EXERCISE OBJECTIVE: Leaving all pictures out, output exactly and only the line containing "Howlin’ Friday brings" and the lines that follow it to the end of the material below.

THE DATA:
◇ ◇ ◇ ◇ ◇ ◇ ◇

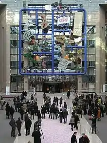 The sculpture was set up again in the Centre of Contemporary Art DOX in Prague-Holešovice and inaugurated on 11 June 2009, in presence of guests, including former Czech president Václav Havel.[45] Entropa was on display in the Techmania Science Center in Plzeň as part of an EU exhibition.[46]
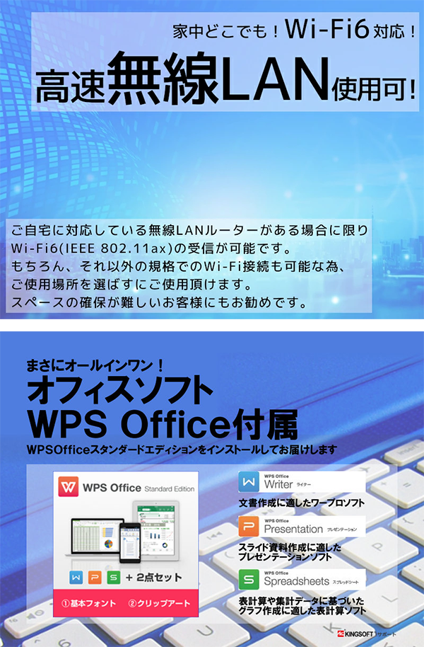- 付属ソフト WPS Office(表計算・ワープロ・プレゼンテーション)
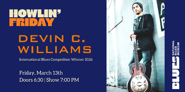 Howlin’ Friday brings acclaimed soul and blues vocalist Devin C. Williams, 2026 International Blues Challenge Winner, to the National Blues Museum for a high-energy night of modern blues, deep soul, and powerful songwriting. Known for his commanding voice and electrifying stage presence, Williams blends traditional blues roots with contemporary soul and funk influences.
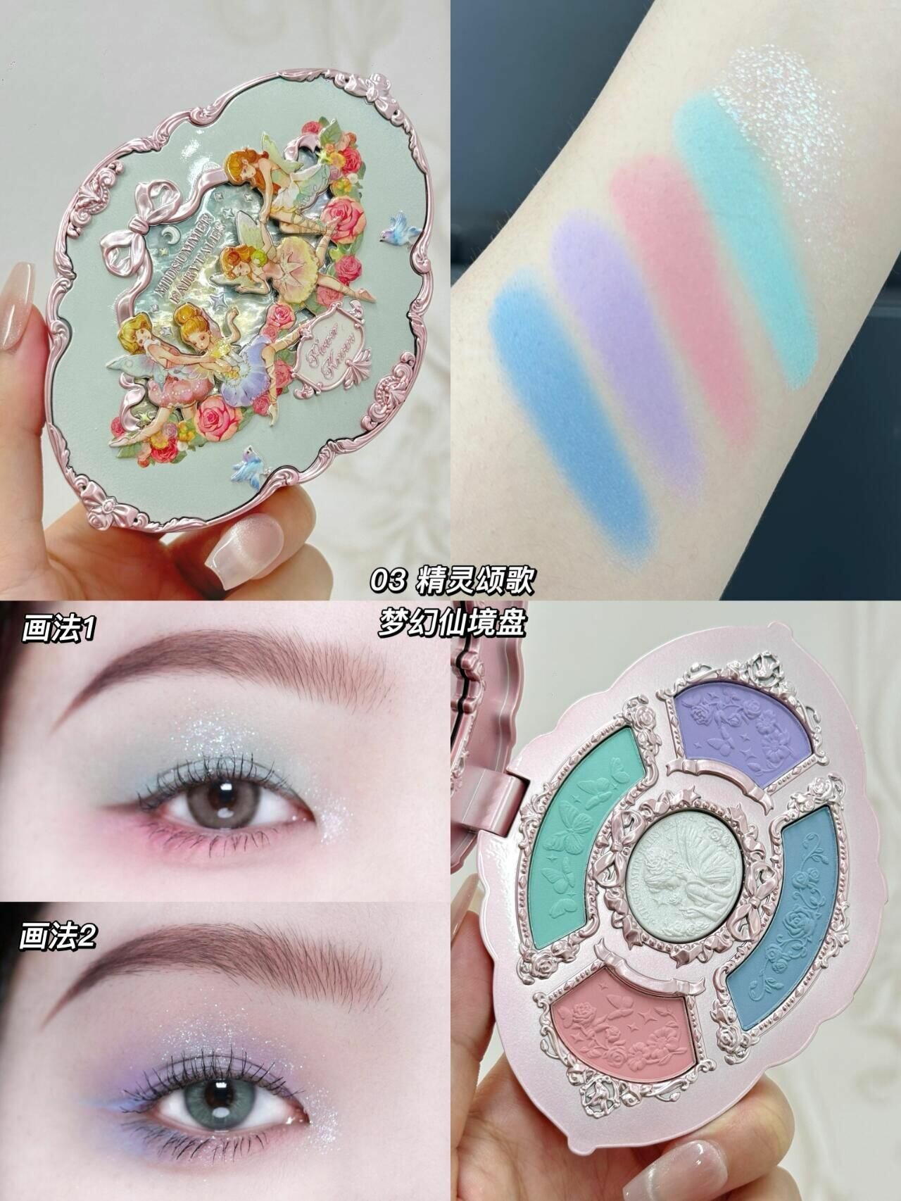 Наша палитра теней для век, созданная по мотивам старинных шкатулок для драгоценностей, украшена нежным розовым гальваническим покрытием, которое придает ей элегантности. Упаковка сочетает в себе очарование сказки и классическую красоту, на ней изображены цветочные феи на фоне цветущей природы. Это сочетание юношеских фантазий и неподвластной времени изысканности придаст вашей коллекции макияжа сказочный оттенок. Созданная по последнему слову техники, наша палитра включает в себя четыре матовых оттенка и один перламутровый оттенок. Шелковистая текстура, она легко наносится на кожу, идеально прилипает к ней, обеспечивая долговечное ношение, водонепроницаемость и яркие цвета.

◇ ◇ ◇ ◇ ◇ ◇ ◇

WRITTEN SOLUTION:
 Howlin’ Friday brings acclaimed soul and blues vocalist Devin C. Williams, 2026 International Blues Challenge Winner, to the National Blues Museum for a high-energy night of modern blues, deep soul, and powerful songwriting. Known for his commanding voice and electrifying stage presence, Williams blends traditional blues roots with contemporary soul and funk influences.
 Наша палитра теней для век, созданная по мотивам старинных шкатулок для драгоценностей, украшена нежным розовым гальваническим покрытием, которое придает ей элегантности. Упаковка сочетает в себе очарование сказки и классическую красоту, на ней изображены цветочные феи на фоне цветущей природы. Это сочетание юношеских фантазий и неподвластной времени изысканности придаст вашей коллекции макияжа сказочный оттенок. Созданная по последнему слову техники, наша палитра включает в себя четыре матовых оттенка и один перламутровый оттенок. Шелковистая текстура, она легко наносится на кожу, идеально прилипает к ней, обеспечивая долговечное ношение, водонепроницаемость и яркие цвета.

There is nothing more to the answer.